Quo Vadiz BUMN: Harapan Baru di Era BP BUMN dan BPI Danantara
Target Nyata: Fondasi Tata Kelola dan Quick Wins
Untuk dua tahun pertama, BP BUMN perlu fokus pada fondasi tata kelola: menyusun blueprint nasional GCG, mengklasifikasikan BUMN berdasarkan fungsi (komersial, PSO, strategis), serta mengimplementasikan fit and proper test yang transparan. Sementara Danantara harus segera membuktikan kemampuan manajerialnya melalui restrukturisasi 3–5 BUMN bermasalah, publikasi indeks kesehatan BUMN pertama dalam 6 sampai 12 bulan secara terbuka, mengurangi waktu proses pengangkatan direksi/komisaris dari rata-rata 6 bulan menjadi 2 bulan.
Contoh quick wins yang nyata yaitu melakukan restrukturisasi cepat BUMN bermasalah.
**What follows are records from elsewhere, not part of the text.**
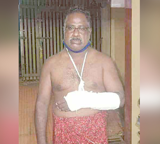 കൈ ഒടിഞ്ഞ അേദ്ദഹം അടൂർ ജനറൽ ആശുപത്രിയിൽ ചികിത്സയിലാണ്. താൽക്കാലികമായി പ്ലാസ്റ്റർ ഇട്ടെങ്കിലും കൈയുടെ സ്വാധീനം തിരിച്ചുകിട്ടണമെങ്കിൽ ഓപറേഷൻ നടത്തി കമ്പി ഇടണമെന്ന് ഡോക്ടർ പറഞ്ഞിരിക്കയാണ്.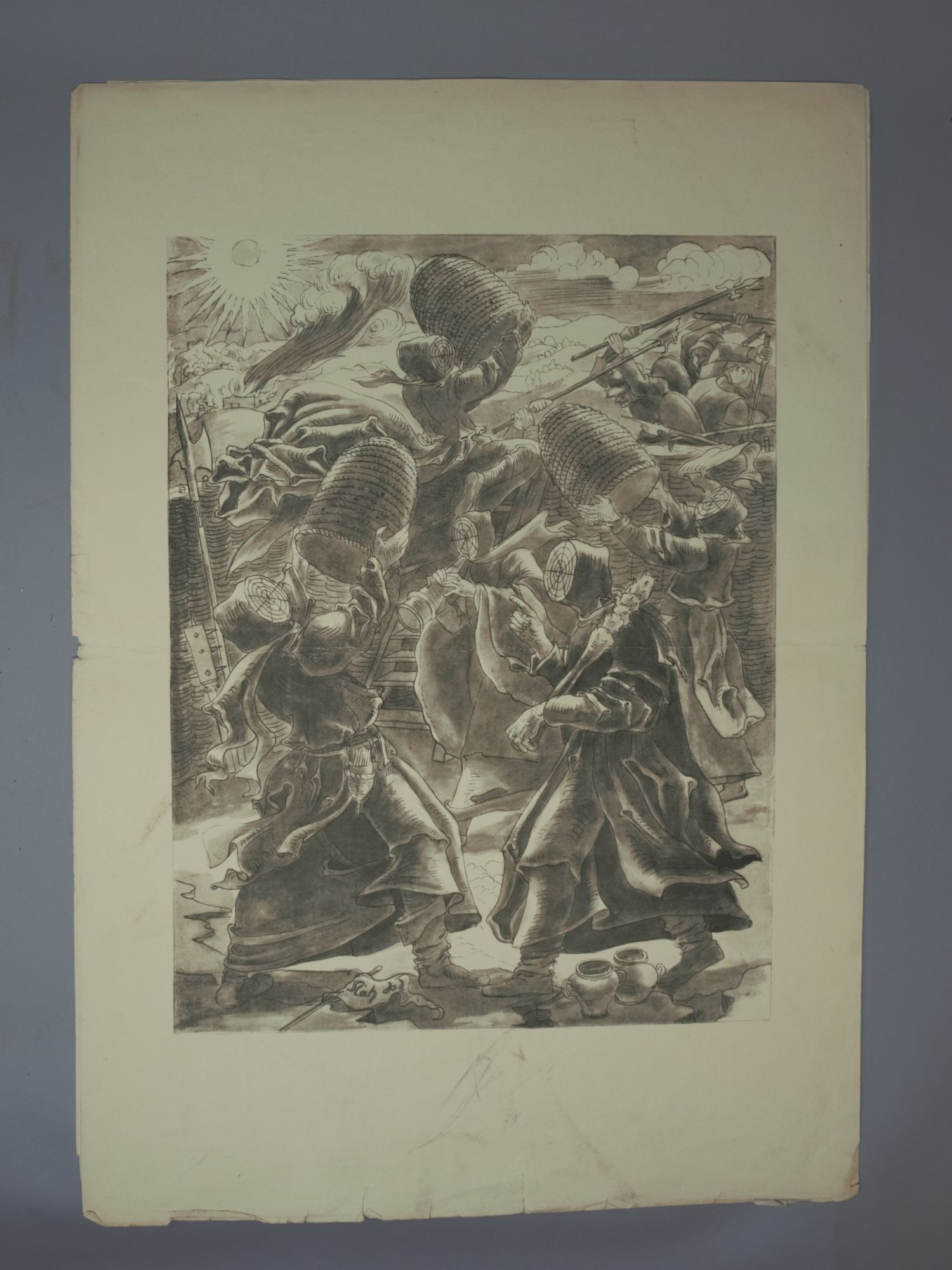 Einzige Ausgabe der seltenenen Illustrationsfolge zu Hermann Löns 1910 erschienenen Roman aus der Zeit des Dreißigjährigen Krieg. Marie Elisabeth Voigt war u. a. von 1928 bis 1933 Meisterschülerin bei Käthe Kollwitz. – Titel fleckig, die Tafeln mit Randläsuren, durchgehend mit Mittelknickfalte.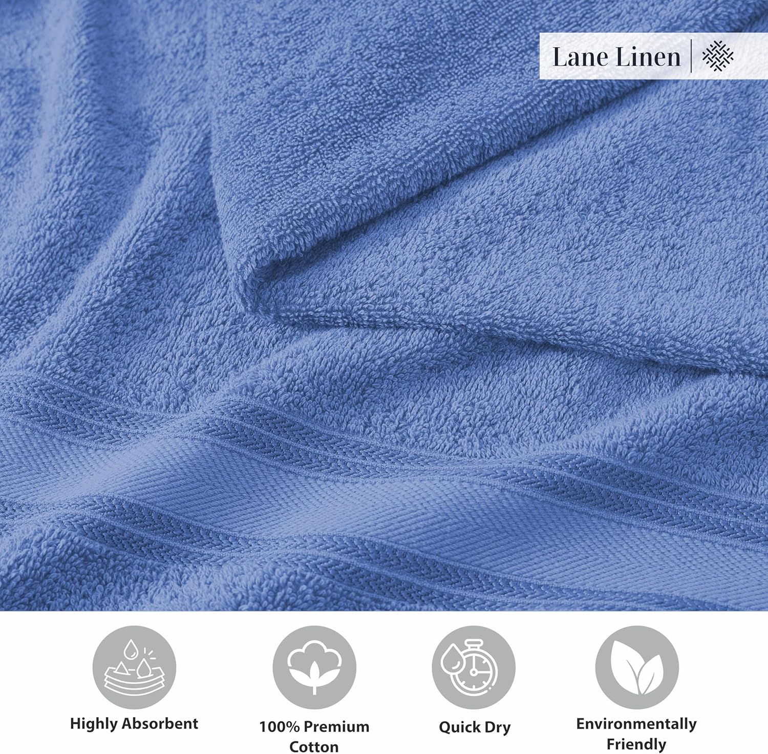 LANE LINEN 100% Cotton 4 Pack Bath Towels (30"x60") - Zero Twist, Mercerized Cotton Bathroom Towels Set - Quick Dry, Soft & Absorbent Large Bath Towels - Machine Wash in Cold Water - Cerulean Blue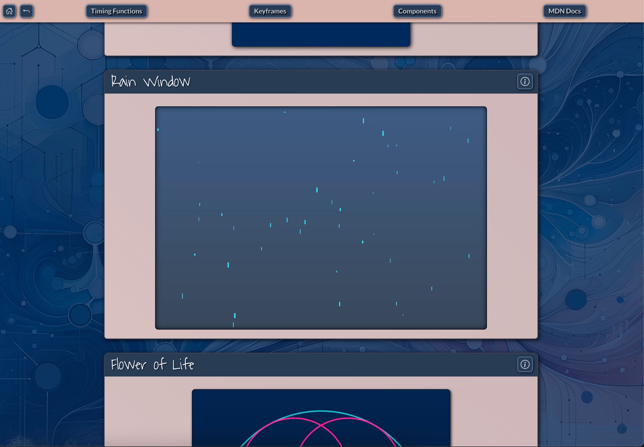 Figure 22: π Rain Window Animation - This visual showcases a Rain Window animation, where animated raindrop-like particles simulate rainfall on a screen.

Misalnya penyatuan BUMN konstruksi yang terlilit utang besar menjadi merger atau divestasi aset non-inti. Lalu, melakukan Rights Issue BUMN Tertentu. Caranya dengan melepas sebagian saham anak usaha BUMN energi atau telekomunikasi di bursa untuk menambah transparansi dan menarik investor.
Kemudian, melakukan efisiensi biaya dan sinergi lintas BUMN. Perlu dilakukan penghematan biaya besar. Misalnya procurement bersama, digitalisasi keuangan lintas BUMN dengan angka yang terukur. Lalu menyetorkan dividen tambahan di tahun pertama sebagai bukti pengelolaan aset lebih efisien.
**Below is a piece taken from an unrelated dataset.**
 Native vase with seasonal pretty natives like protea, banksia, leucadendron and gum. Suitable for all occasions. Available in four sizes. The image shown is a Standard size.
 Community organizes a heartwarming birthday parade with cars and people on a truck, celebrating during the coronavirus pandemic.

Laporan kinerja semesteran, dashboard daring, serta mekanisme early warning system bagi BUMN bermasalah harus menjadi prioritas. Tanpa transparansi semacam ini, BP BUMN dan Danantara hanya akan menjadi simbol baru dari birokrasi lama yang dibungkus jargon reformasi.
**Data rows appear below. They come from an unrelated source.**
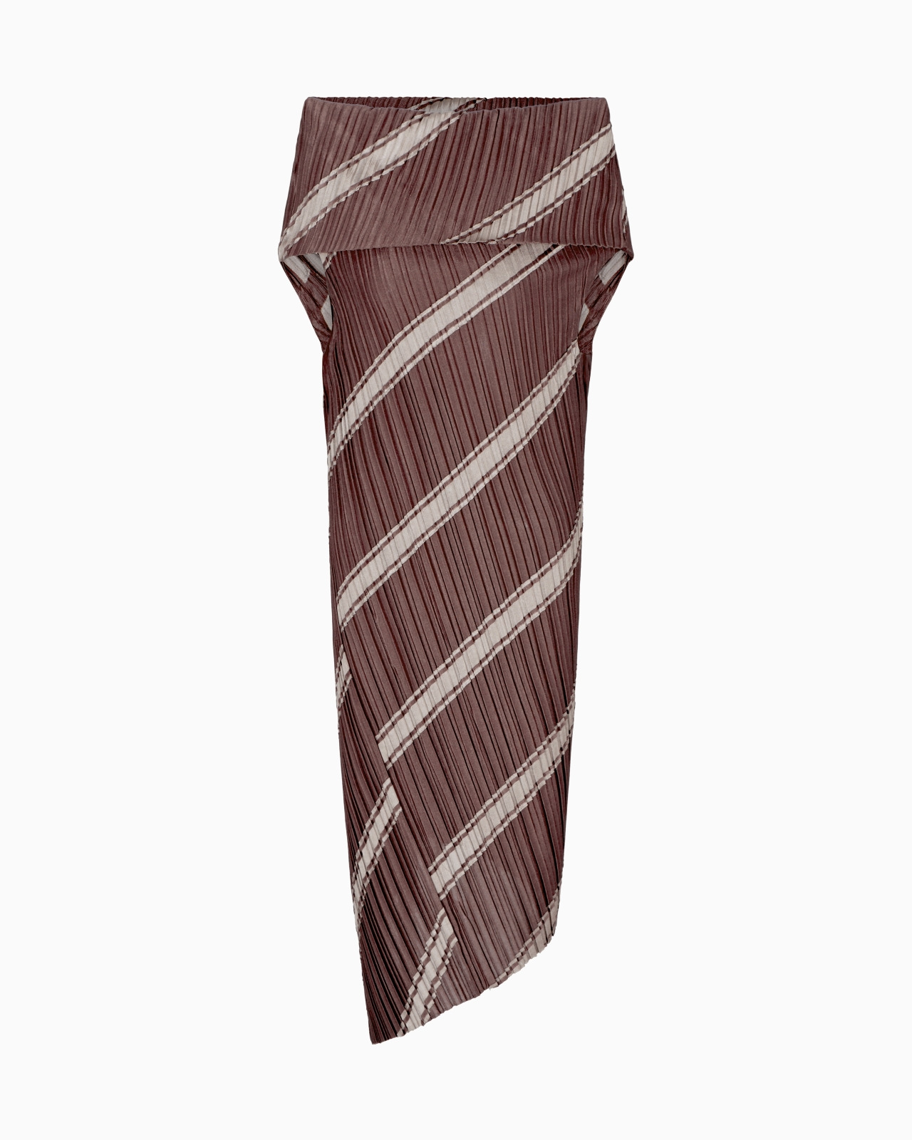 Midi dress made of jersey, embellished with a two-tone print with oblique stripes with irregular pleating adding movement. A style that elegantly follows the feminine silhouette, featuring a wide shawl neckline and asymmetric hem. The piece is part of the New Normal selection, an offering that reinterprets the brand’s archive looks with a modern twist. Pieces in elongated and fluid shapes and with an androgynous flavour dress the feminine silhouette with elegance for day-to-night looks. This season it comes in a natural colour palette animated by a series of chevron motif and houndstooth shapes, a clear reinterpretation of pieces "stolen" from the male wardrobe with a feminine twist. Wide shawl collar Sleeveless Asymmetric hemline Length: 112 cm from centre back Made in Italy Product Code: GW002076AF17752F6007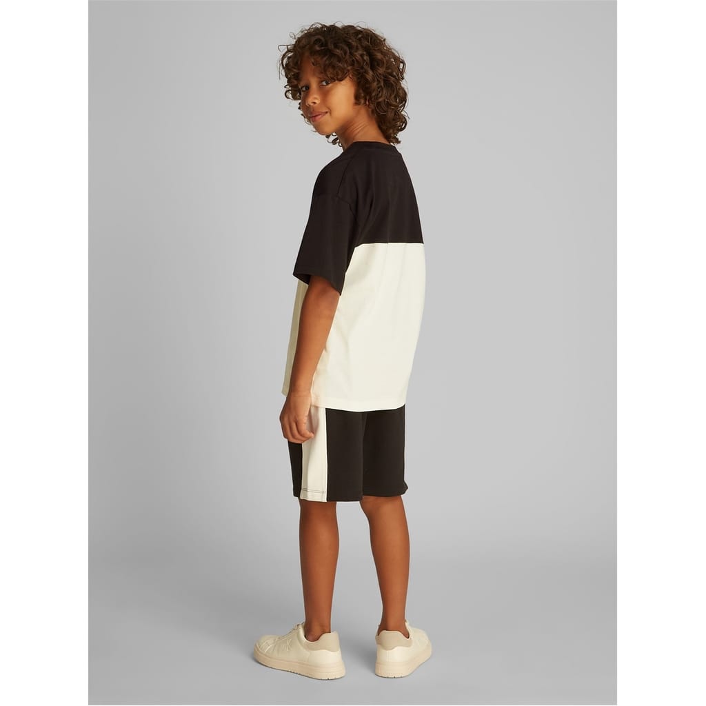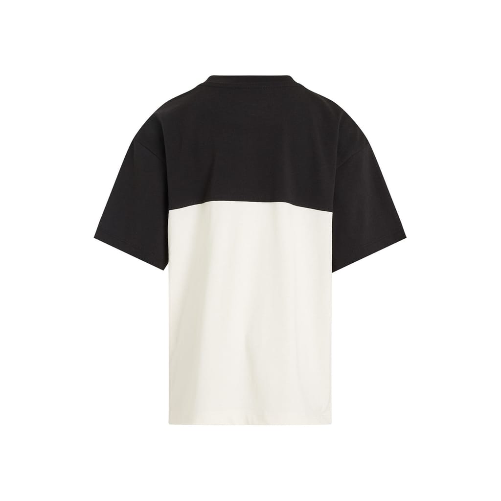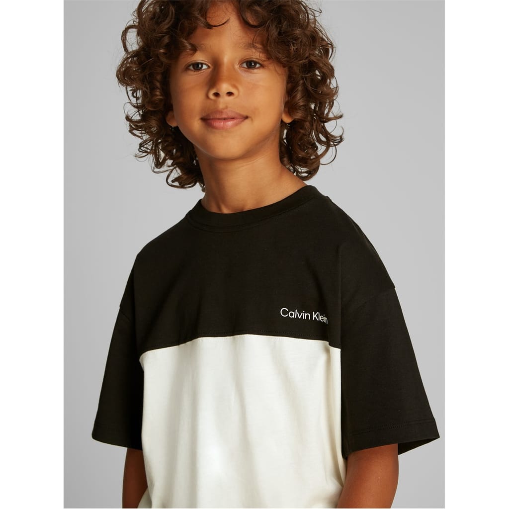 This Calvin Klein Jeans top is a casual essential, featuring a regular fit and short sleeves. The crew neck design is complemented by a striking color block pattern. A subtle logo embellishment adds a touch of brand identity, making it a versatile addition to your wardrobe. -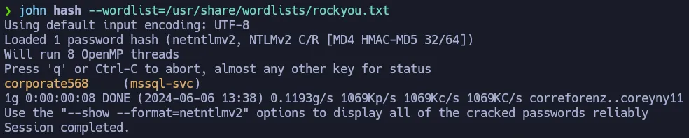 As shown above, you managed to get the NTLMv2 hash for mssql-svc user, so now you can crack it using john: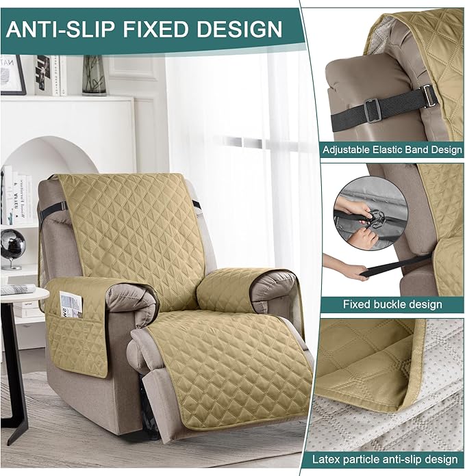 Ruaozz 100% Waterproof Recliner Chair Cover Non-Slip Oversized Reclining Cover for Large Recliner Chair Washable Chair Seat Cover with Elastic Straps for Kids, Dogs, Pets (Sand, 28'')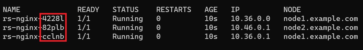 Pod를 생성할 때 NAME 뒤에 추가되는 5자리의 문자는 랜덤으로 생성된 Hash 값이다. 컨트롤러에 의해 만들어진 모든 Pod는 이와 같이 랜덤 해시 값이 붙은 형태로 Pod 이름이 형성된다. 특정 Pod를 지우고 다시 실행되는 Pod의 이름을 보면 이전과 달라진 해시값을 가진다. 즉, Pod의 이름이 보장되지 않는다는 것을 의미한다.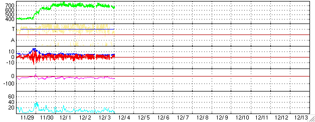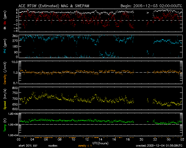 2005/12/ 4 10:59 更新 826黒点群はやや落ち着いています。太陽風の速度は下がり始めました。 担当 篠原 826黒点群の活動はやや落ちついています。 昨日のニュース以降は、Cクラスの小規模フレアを数回起こしただけに留まっています。 826黒点群は規模を縮小しつつあるという情報がありますが、 引き続き注意する必要があるでしょう。 東から新しく上がってきた黒点群は、830という番号が付けられています。 昨日、2日16時半(世界時2日7時半)にC5.3の小規模フレアを起こしました。 大きな黒点群ではありませんでしたので、激しい活動を起こすことはないでしょう。 太陽風は速度をゆっくりと下げ始めています。 700km/秒から650km/秒へ一日かけてゆっくりと変化しています。 今日はさらにその傾向がはっきりして、速度は更に低下を続けるでしょう。 一方、2日から3日にかけて発生した中規模フレアで発生したCME(太陽ガスの放出現象)の影響が、 明日、5日の昼以降に地球へ届く可能性があります。 太陽風の速度が急に上昇し、磁場が乱れる事で、磁気圏の活動を活発にする可能性があります。 その時運ばれて来る、太陽風磁場の南北成分に依存しますが、 南向きが強まると、激しいオーロラ活動や、磁気嵐が発生することがあります。 GOES衛星の太陽X線データ (c) NOAA/SEC ![]() SOHO衛星のMDIカメラによる太陽黒点 (c) SOHO (ESA & NASA) ![]() ACEが観測した太陽風の磁場(1番上の枠、白線は全体の強度、赤線は南北成分) および、太陽風の密度(3番目の橙線)、速度(4番目の黄線) (c) NOAA/SEC ![]() シベリアで観測された3日間の磁場データ 右側の3分の1が、昨日のデータになります。グラフが上がったり下がったりすると、オーロラ活動が活発化しています。 (c) NICT ![]() 27日の太陽周期に合わせたデータプロット (太陽風版) 太陽が同じ面を地球に向けていた27日前の変化から、今後を予想することができます。 (c) NICT

Namun, di balik problem teknokratis itu, Indonesia menghadapi isu konseptual yang lebih mendasar: dualisme hukum BUMN. Revisi UU No. 19 Tahun 2003 menegaskan BUMN sebagai badan hukum privat yang tunduk pada hukum perdata, tetapi pejabatnya tetap dianggap penyelenggara negara. Akibatnya, ketika direksi mengambil keputusan bisnis yang berisiko, mereka bisa terjerat pasal merugikan negara. Ketegangan antara efisiensi korporasi dan akuntabilitas publik ini membuat manajemen BUMN cenderung defensif—takut salah langkah.